------ Information supplied

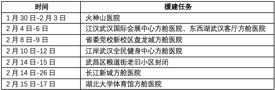由于前期已經援建五(wu)所(suo)方(fang)艙醫院,集團(tuan)公(gong)司可調配的(de)人、財、物等各種資源已近極限,但“時間就是生命(ming)”“疫情就是命(ming)令”,集團(tuan)公(gong)司號召(zhao)公(gong)司上下(xia)“不計成本(ben),只要結果”,迅速組織在漢黨員(yuan)突擊隊緊急趕赴現場,動員(yuan)一切(qie)力量保(bao)證物資供應。
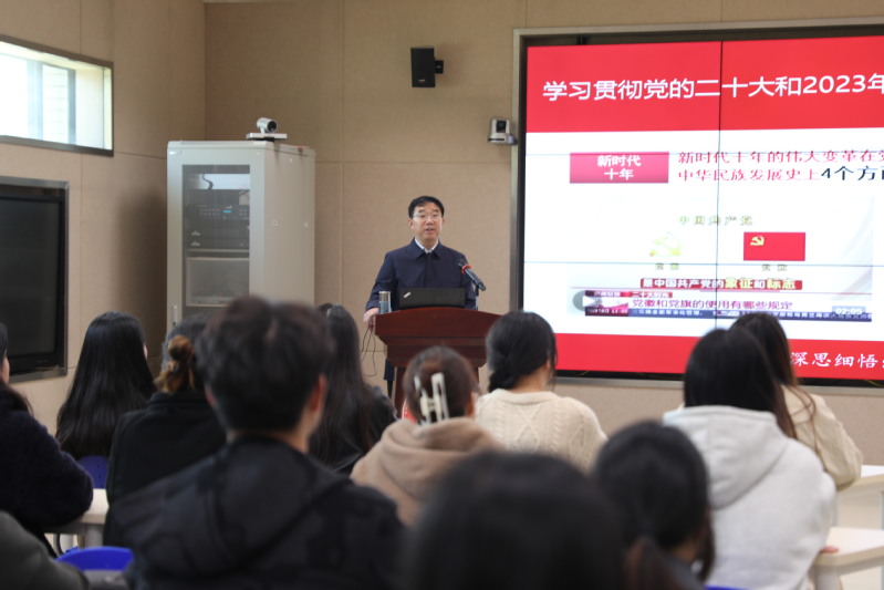 3月31日下午,学校党委书记戴斌荣走进思政课堂,以“学习贯彻党的二十大和2023年全国两会精神 立志做新时代好青年”为主题,为学生上了一堂精彩生动的思政第一课。
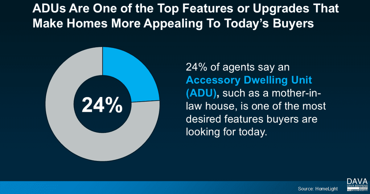 ADUs are growing in popularity as more people discover why they’re so practical. In fact, a recent survey shows that 24% of agents say an ADU, such as a mother-in-law house, is one of the most desired features buyers are looking for right now.

------------

Exercise brief: Line by line, give the material above again exactly, but without any pictures.

Exercise solution:
由于前期已經援建五(wu)所(suo)方(fang)艙醫院,集團(tuan)公(gong)司可調配的(de)人、財、物等各種資源已近極限,但“時間就是生命(ming)”“疫情就是命(ming)令”,集團(tuan)公(gong)司號召(zhao)公(gong)司上下(xia)“不計成本(ben),只要結果”,迅速組織在漢黨員(yuan)突擊隊緊急趕赴現場,動員(yuan)一切(qie)力量保(bao)證物資供應。
 3月31日下午,学校党委书记戴斌荣走进思政课堂,以“学习贯彻党的二十大和2023年全国两会精神 立志做新时代好青年”为主题,为学生上了一堂精彩生动的思政第一课。
 ADUs are growing in popularity as more people discover why they’re so practical. In fact, a recent survey shows that 24% of agents say an ADU, such as a mother-in-law house, is one of the most desired features buyers are looking for right now.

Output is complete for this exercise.